Таким образом, позитивный театр -- тоже миметичен, но мимесис тут строится иначе. Он целиком определяется первоартистом, но не в плане механической реактивности, а неким мистическим способом, "не зная даже сам каким образом". Речь идет, например, о трансляции правды и естественности, но не в категориях механического копирования движений, а в категориях некой "эманации", исходящей от тела "мастера". К телу этому в таком контексте предъявляется особое требование-- быть воплощением истины. Истина, излучаемая "мастером", не может передаваться телесным копированием его поведения. Она передается мимесисом особого типа, как бы поверх телесной моторики. Поэтому столь существенно подавление моторики в теле мастера. Чем ближе тело подходит к передаче возвышенной идеи, тем более неподвижным оно становится. Конечно, Гоголь не может назвать в качестве первоартиста Христа, но само родство "высшего" театра с церковью делает подобное сближение возможным10. Речь идет о том, чтобы "отвечать в такт" и таким образом "набираться правды". Правда постигается в миметическом резонансе мистического толка, существующем по ту сторону телесного.

В том же случае, когда телесное движение допускается, резонанс этот предполагает определенный тип телесной механики, построенный не на простом дублировании движений, а на своего рода сбое,

_________

10 В 1844 году Гоголь посылает С Т. Аксакову, М П. Погодину и С П. Шевыреву экземпляры "Подражания Христу" Фомы Кемпийского с призывом следовать этой книге См Гоголь 1988, т 2. 302.

29

неадекватности. Речь идет о миметическом устройстве с нарушенной телесной непосредственностью.

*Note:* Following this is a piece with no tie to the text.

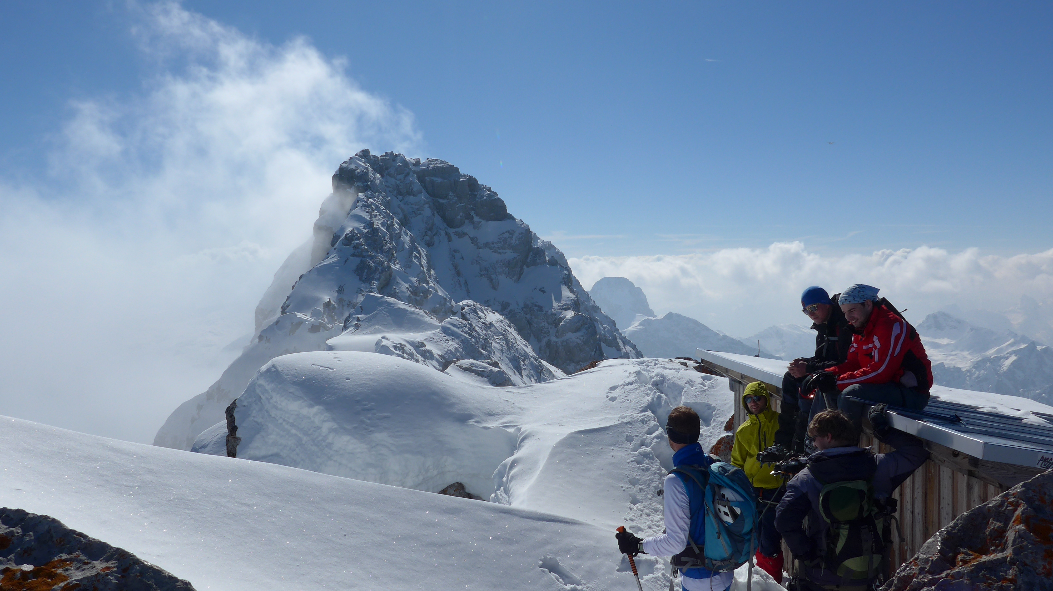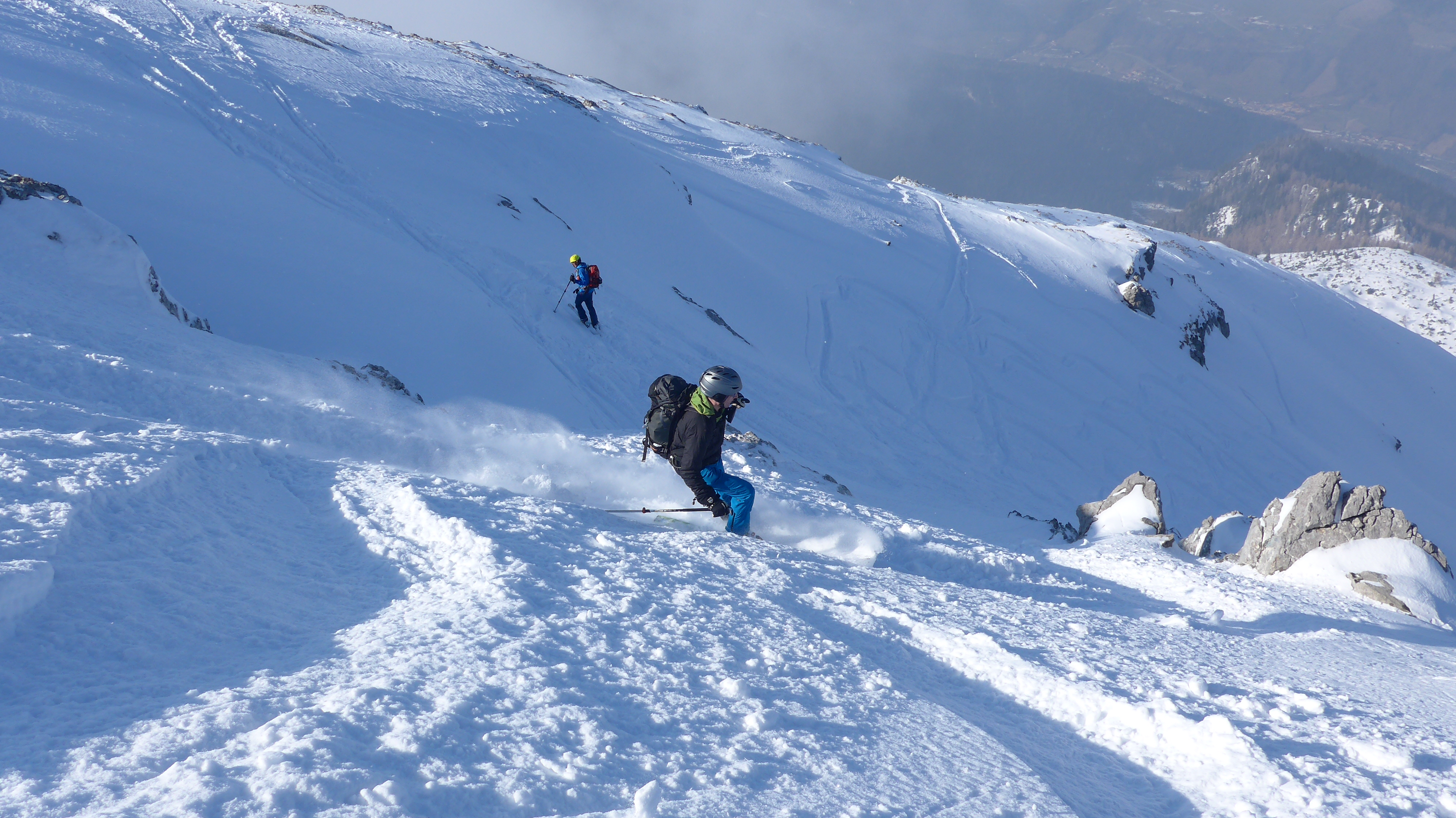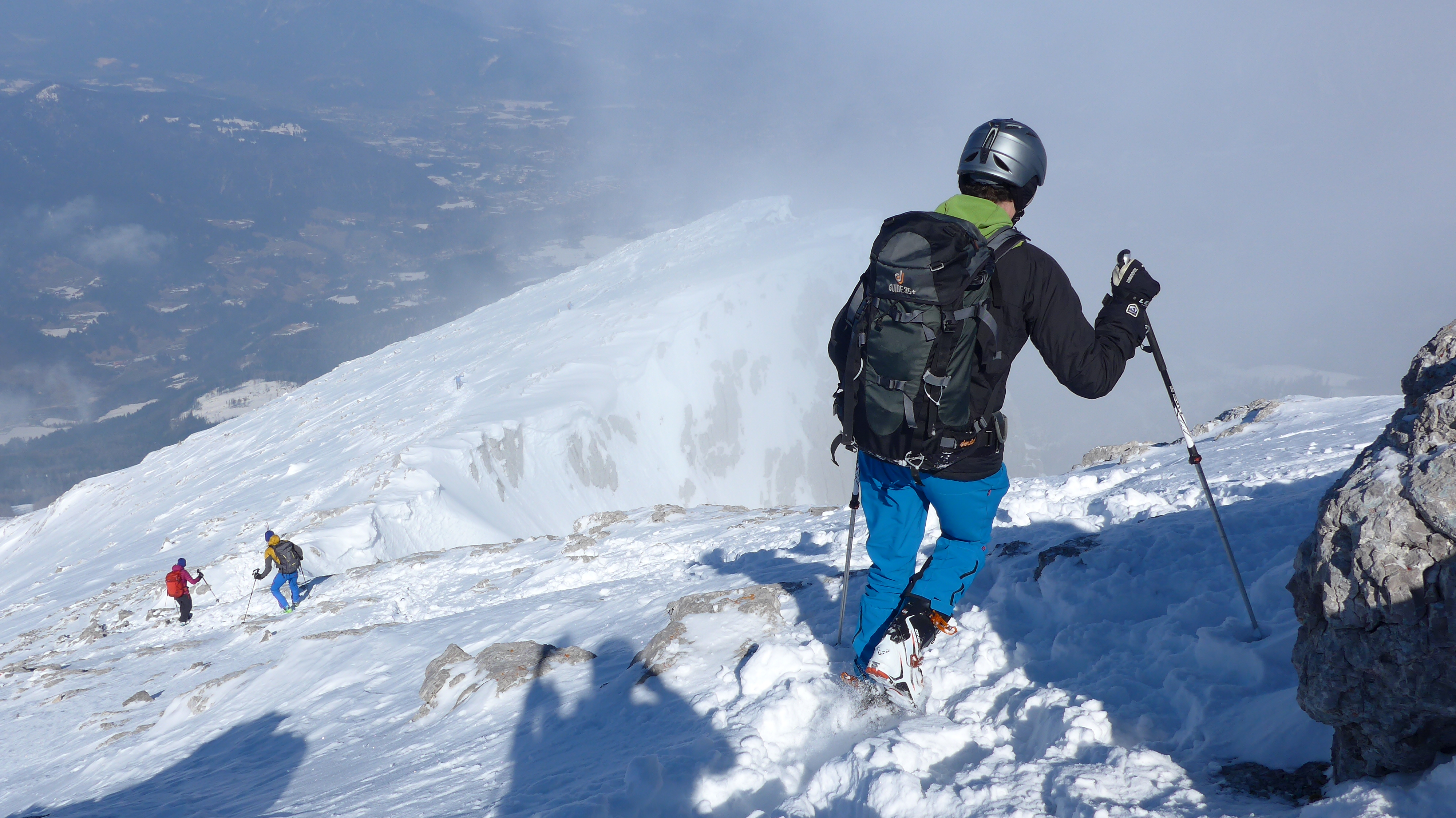 Sehr verhaltene Abfahrt ca. 100 Hm. Uns taten die Ski leid - abgeschnallt. Zu Fuß weiter (ca. 150 Hm) ging flott (Vorsicht z.T. sehr glatten Platten). Grube war wunderbar im satten Pulver zu fahren. (Vorsicht Abbrüche - rechts halten) Weitere Abfahrt vom Gugel stark eingefahren - noch schön zu fahren.

Вот как работает это устройство в знаменитом "гуманном месте" "Шинели", где представлено нравственное перерождение петербургского чиновника, которому открывается моральная истина в лице жалкого Акакия Акакиевича:

"Только если уж слишком была невыносима шутка, когда толкали его под руку, мешая заниматься своим делом, он произносил: "Оставьте меня, зачем вы меня обижаете?" И что-то странное заключалось в словах и голосе, с каким они были произнесены. В нем слышалось что-то такое преклоняющее на жалость, что один молодой человек, недавно определившийся, который, по примеру других, позволил себе посмеяться над ним, вдруг остановился, как будто пронзенный, и с тех пор как будто все переменилось перед ним и показалось в другом виде. И закрывал себя рукой бедный молодой человек, и много раз содрогался..." (Гоголь 1952, т. 3:131--132) В целом сцена, конечно, следует схеме преображения смехового в высокое (она описывает постепенную метаморфозу "невыносимой шутки"). Но это преображение следует определенным телесным законам. Вся описанная здесь цепочка начинается с того, что нарушается механизированный режим существования Башмачкина, его обычное переписывание прерывается (его толкают под руку), он произносит свою знаменитую фразу каким-то "странным голосом". Речь идет о нарушении той автоматизированной механики, которая ассоциируется с "театром балетных скаканий". Толчок под руку как будто пробуждает странное интонирование, сдвиг в голосоведении. Этот сдвиг (именно странность голоса и слов) неожиданно останавливают молодого человека, который замирает как пронзенный, включая неподвижность в сюиту движений. И далее нравственное перерождение шутника выражается в "странных" жестах -- молодой человек закрывает себя рукой, содрогается.